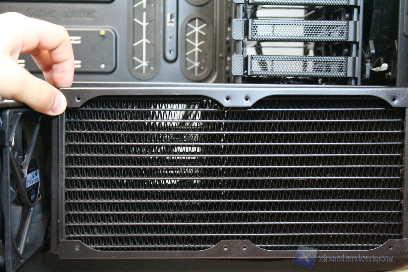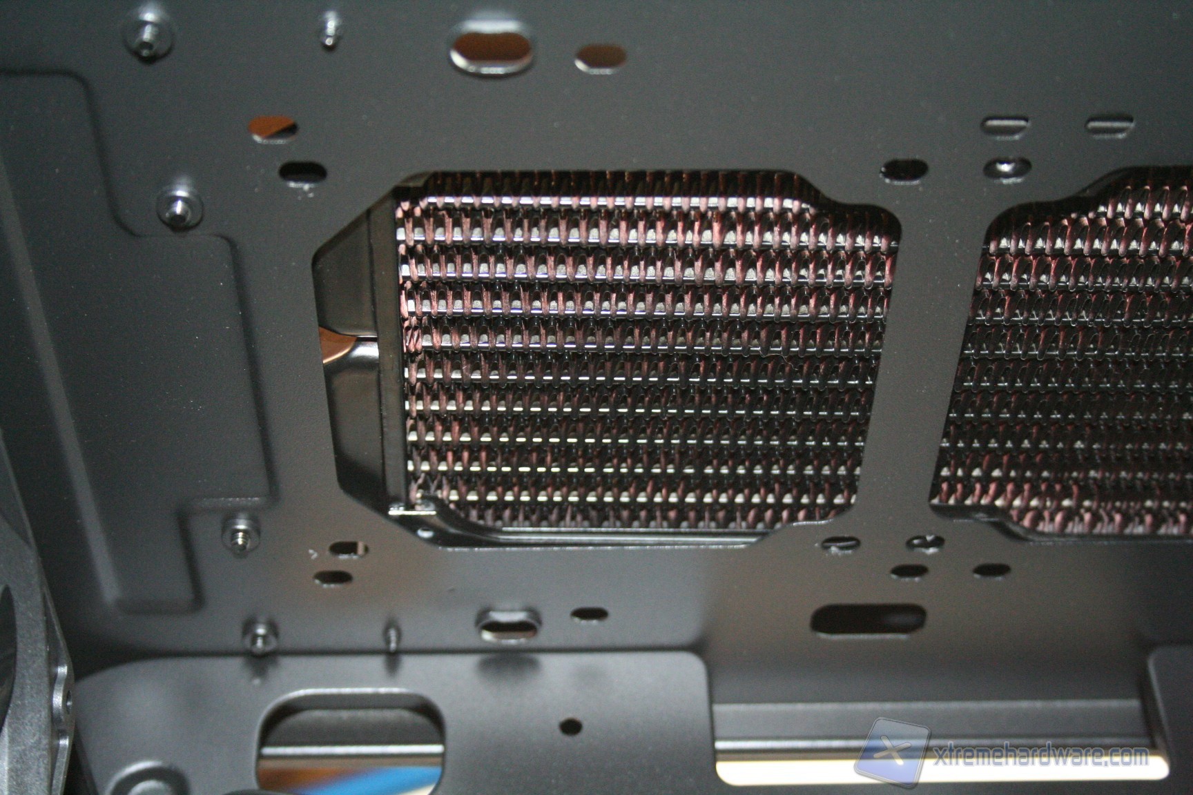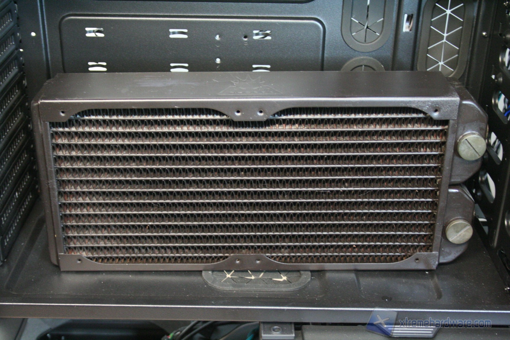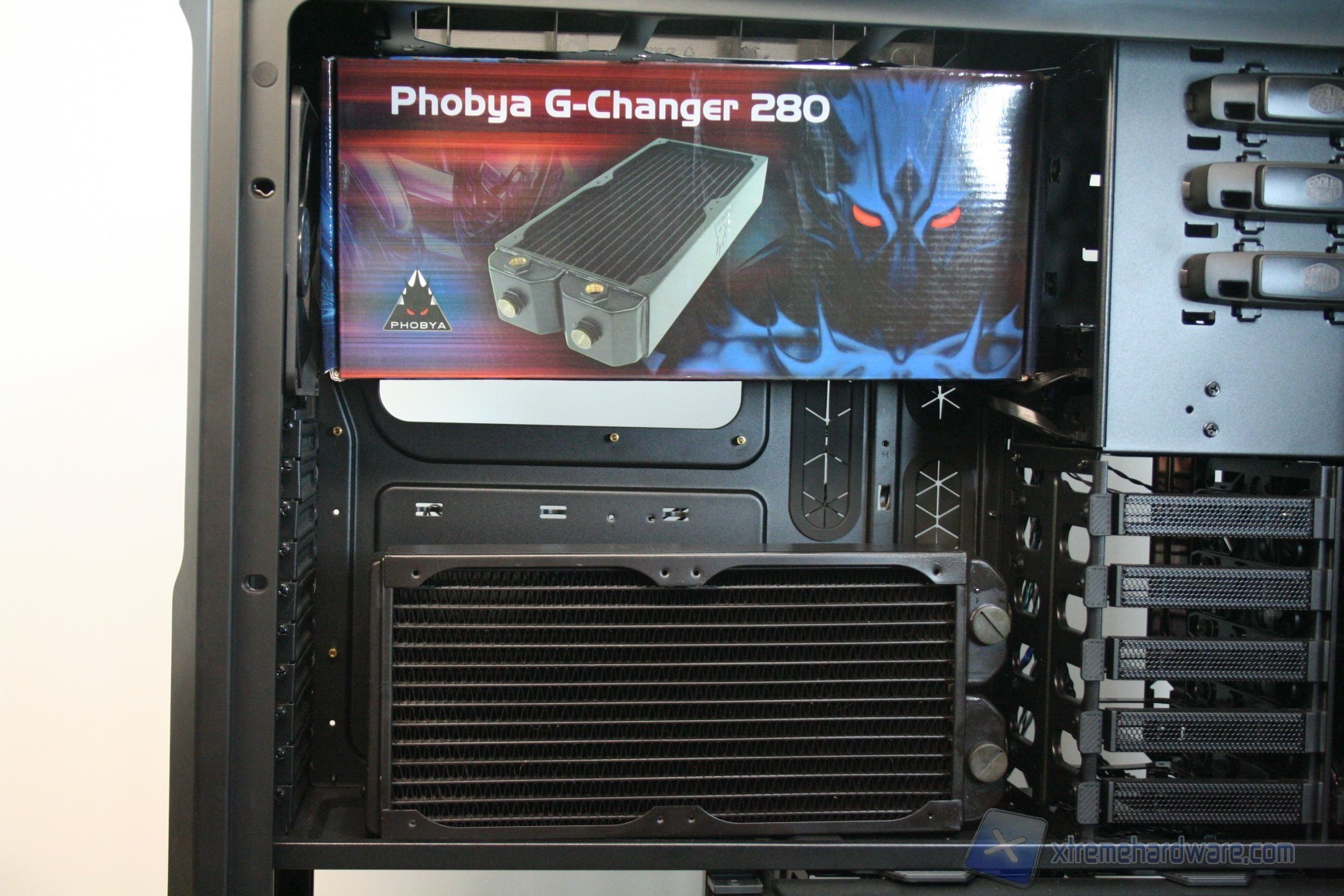 Per quanto riguarda il Phobya invece è possibile integrarlo nella stessa posizione dell’Alphacool, ma non superiormente, per via del fatto che collide con la struttura che tiene fermo il pannello superiore, similmente a quanto accaduto con l’Alphacool. Una volta fissato occupa moltissimo spazio, ma è indubbio che questo sistema permetterà prestazioni eccellenti. Da notare che putroppo i fori nella paratia superiore (quelli per il passaggio dell’aria) sono da 120mm e quindi il beneficio di un radiatore da 280mm sarebbe limitato da questo particolare. Anche in questo caso sarebbe opportuno apportare delle modifiche al pannello superiore, magari con l’ausilio di un Dremel. Occorre inoltre riporre particolare attenzione con radiatori dall'elevato spessore per la compatibilità con i moduli RAM, i quali potrebbero scontrarsi con l'estermità inferiore del radiatore o di eventuali ventole in push aggiuntive.
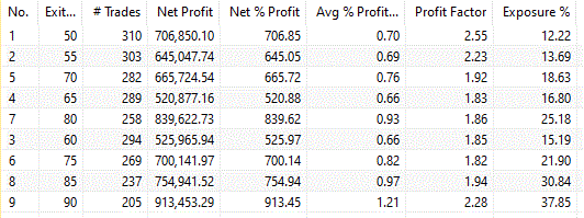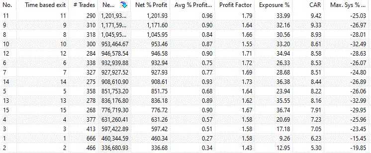Column two shows the different exits in bars after entry. The table shows that the strategy improves by using a time-based exit between 8 and 10 days. Not only is the profits bigger, but the max drawdowns are reduced significantly.
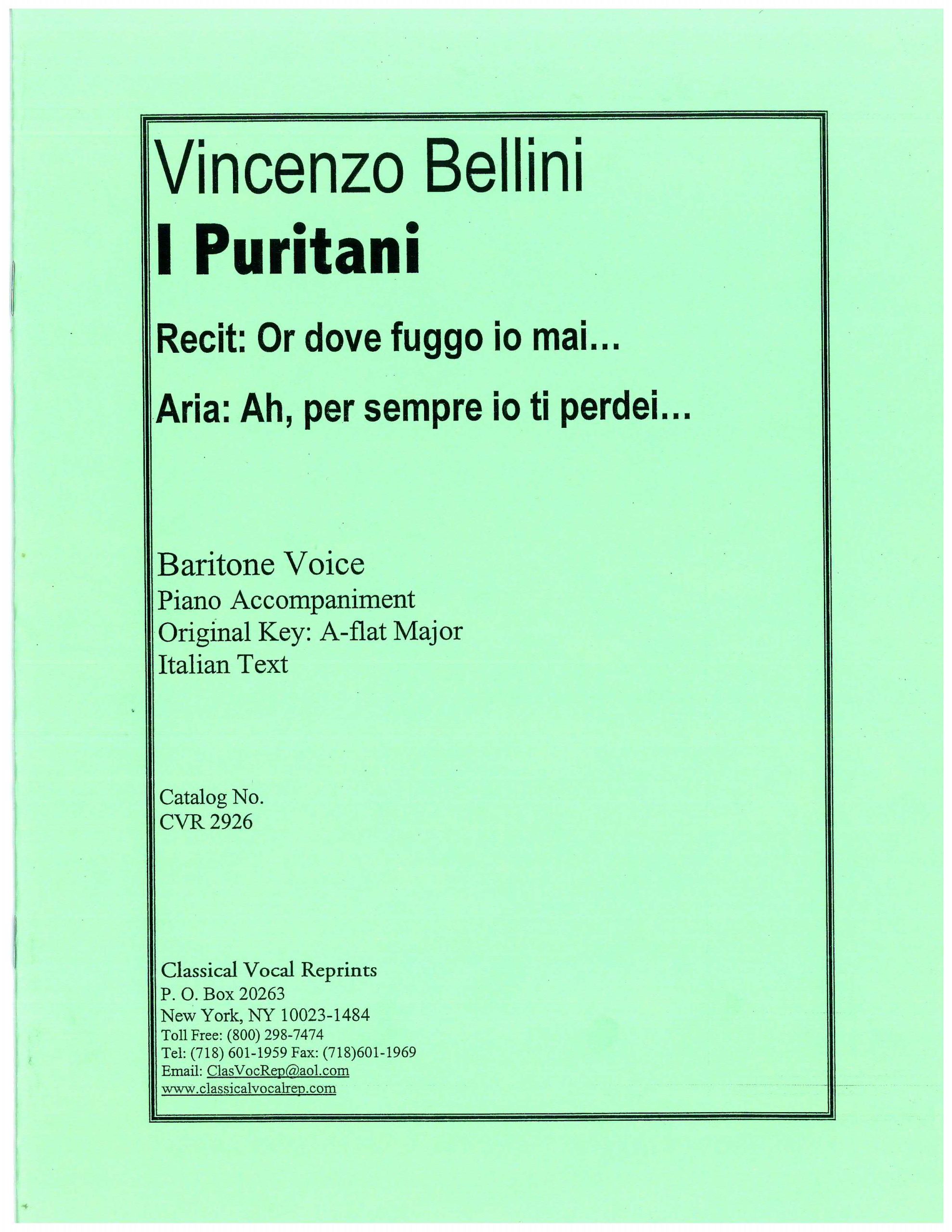 You're viewing: Puritani Ah per sempre io ti perdei – with Recit: O dove fuggo io mai.$4.95
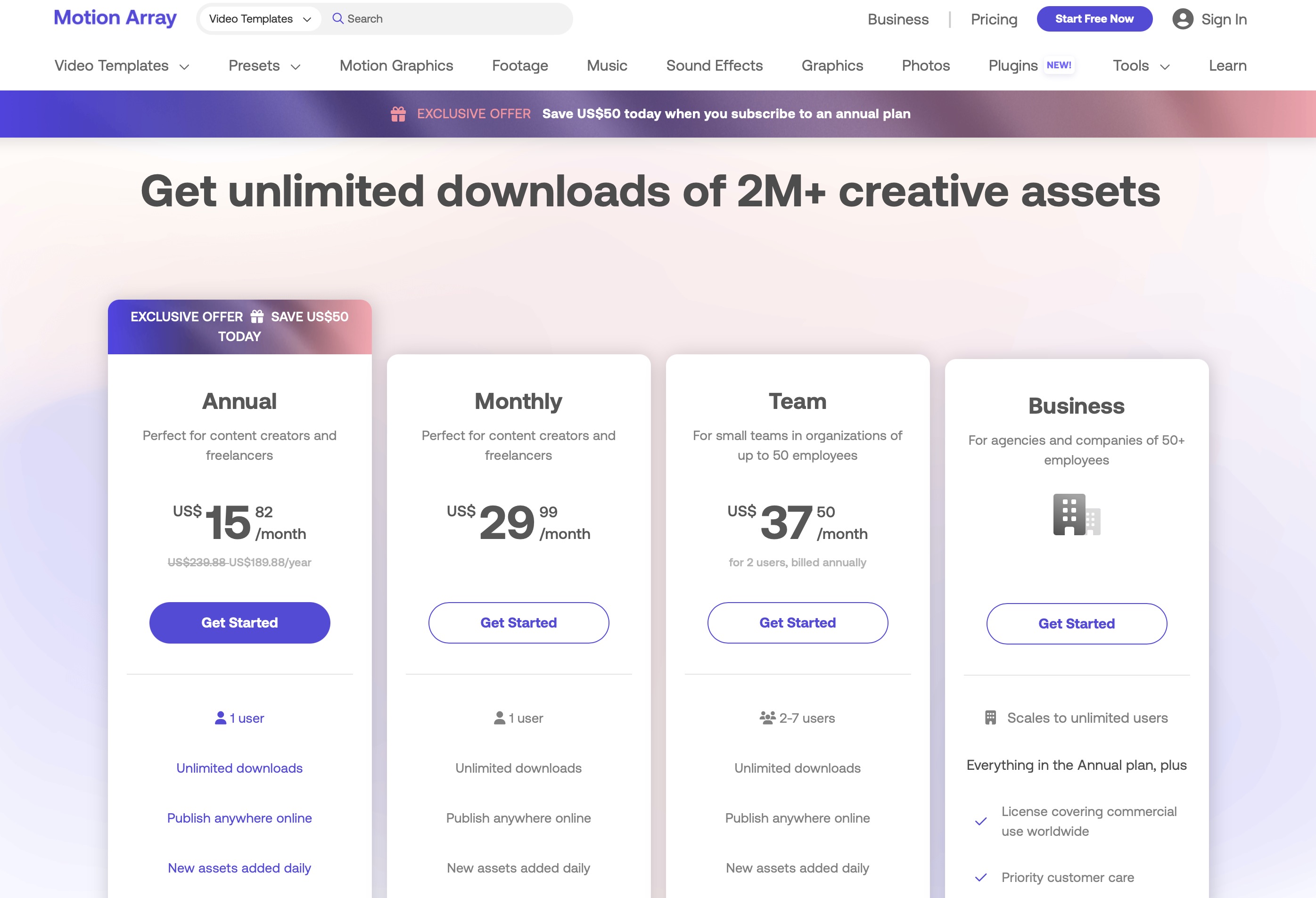모션 어레이는 다양한 구독 계획을 제공합니다. 한 달에 $29.99에 월간 멤버십에 가입하거나 연간 $239.88(또는 월 $19.99)에 연간 멤버십을 선택할 수 있습니다. 연간 구독은 100달러 이상을 절약할 수 있으며, 이는 꽤 큰 금액이라고 할 수 있습니다.
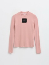 Джемпер объёмный из поливискозного трикотажного полотна джерси. Спущенный длинный рукав. По горловине стойка с молнией по спинке. По переду и спинке средний шов. По низу изделия потайной стежок. Спереди нашивка металл.
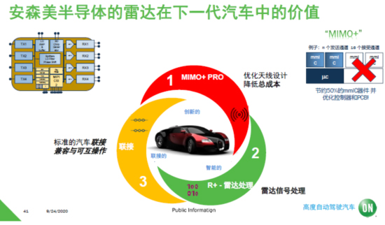 毫米波雷達的適用范圍有:L1、L2、L3、L4、L5。在不同自動駕駛的級別上有不同的應(yīng)用。安森美下一代毫米波雷達產(chǎn)品的重點是放在L3上,安森美將其稱作“MIMO+”。據(jù)悉,作為新開發(fā)的專利技術(shù),它能夠提供4D的信息,R是距離,V是速度,A是角度,E是高度,能夠提供四維信息,用于L3層級的自動駕駛。
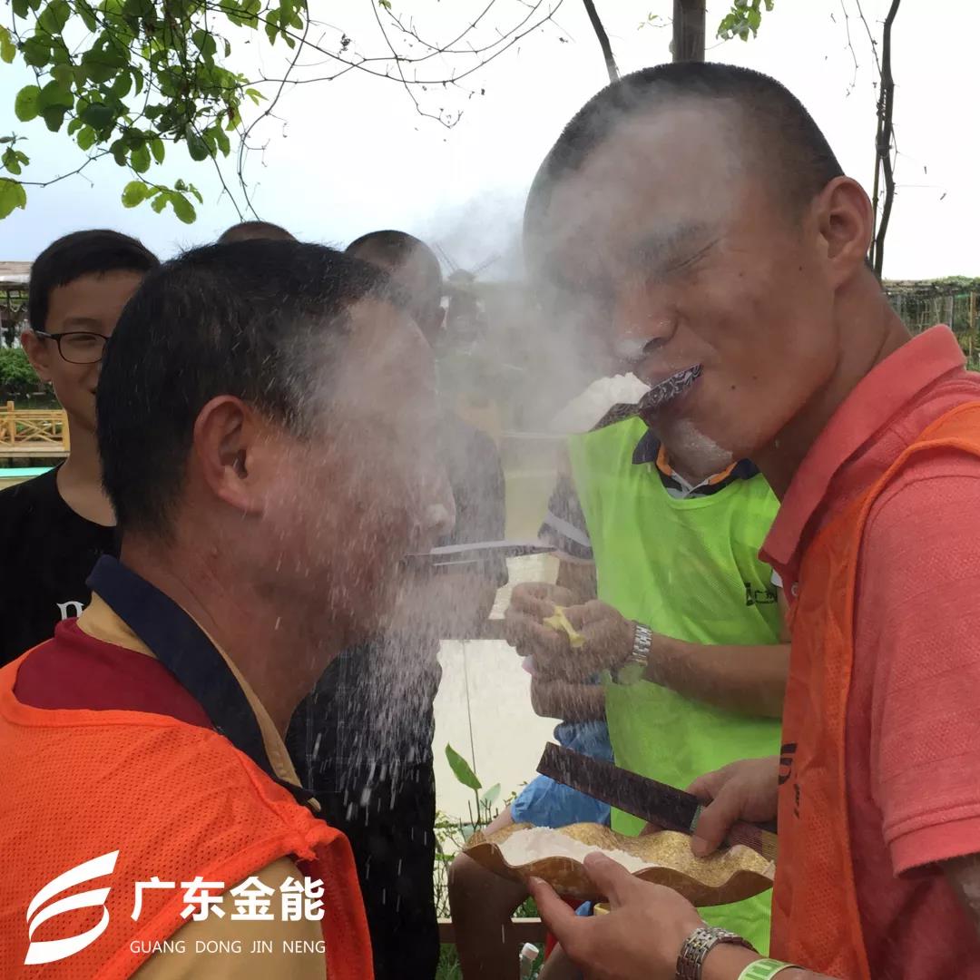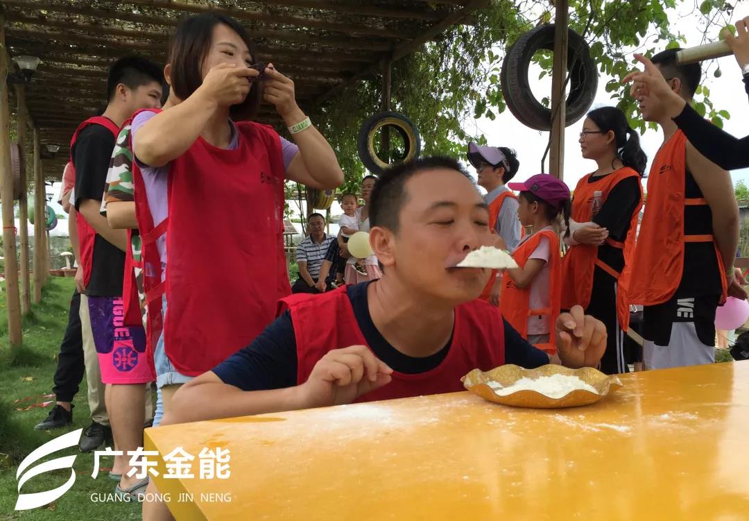 游戏规则:每一队利用嘴巴和纸牌来搬运面粉,接到最多的队伍赢。

_AIM OF THE EXERCISE:_ What is needed is every line of the data above, set down exactly but with the images left out.

_SOLUTION TO THIS PROBLEM:_
 Per quanto riguarda il Phobya invece è possibile integrarlo nella stessa posizione dell’Alphacool, ma non superiormente, per via del fatto che collide con la struttura che tiene fermo il pannello superiore, similmente a quanto accaduto con l’Alphacool. Una volta fissato occupa moltissimo spazio, ma è indubbio che questo sistema permetterà prestazioni eccellenti. Da notare che putroppo i fori nella paratia superiore (quelli per il passaggio dell’aria) sono da 120mm e quindi il beneficio di un radiatore da 280mm sarebbe limitato da questo particolare. Anche in questo caso sarebbe opportuno apportare delle modifiche al pannello superiore, magari con l’ausilio di un Dremel. Occorre inoltre riporre particolare attenzione con radiatori dall'elevato spessore per la compatibilità con i moduli RAM, i quali potrebbero scontrarsi con l'estermità inferiore del radiatore o di eventuali ventole in push aggiuntive.
Column two shows the different exits in bars after entry. The table shows that the strategy improves by using a time-based exit between 8 and 10 days. Not only is the profits bigger, but the max drawdowns are reduced significantly.
 You're viewing: Puritani Ah per sempre io ti perdei – with Recit: O dove fuggo io mai.$4.95
모션 어레이는 다양한 구독 계획을 제공합니다. 한 달에 $29.99에 월간 멤버십에 가입하거나 연간 $239.88(또는 월 $19.99)에 연간 멤버십을 선택할 수 있습니다. 연간 구독은 100달러 이상을 절약할 수 있으며, 이는 꽤 큰 금액이라고 할 수 있습니다.
 Джемпер объёмный из поливискозного трикотажного полотна джерси. Спущенный длинный рукав. По горловине стойка с молнией по спинке. По переду и спинке средний шов. По низу изделия потайной стежок. Спереди нашивка металл.
 毫米波雷達的適用范圍有:L1、L2、L3、L4、L5。在不同自動駕駛的級別上有不同的應(yīng)用。安森美下一代毫米波雷達產(chǎn)品的重點是放在L3上,安森美將其稱作“MIMO+”。據(jù)悉,作為新開發(fā)的專利技術(shù),它能夠提供4D的信息,R是距離,V是速度,A是角度,E是高度,能夠提供四維信息,用于L3層級的自動駕駛。
 游戏规则:每一队利用嘴巴和纸牌来搬运面粉,接到最多的队伍赢。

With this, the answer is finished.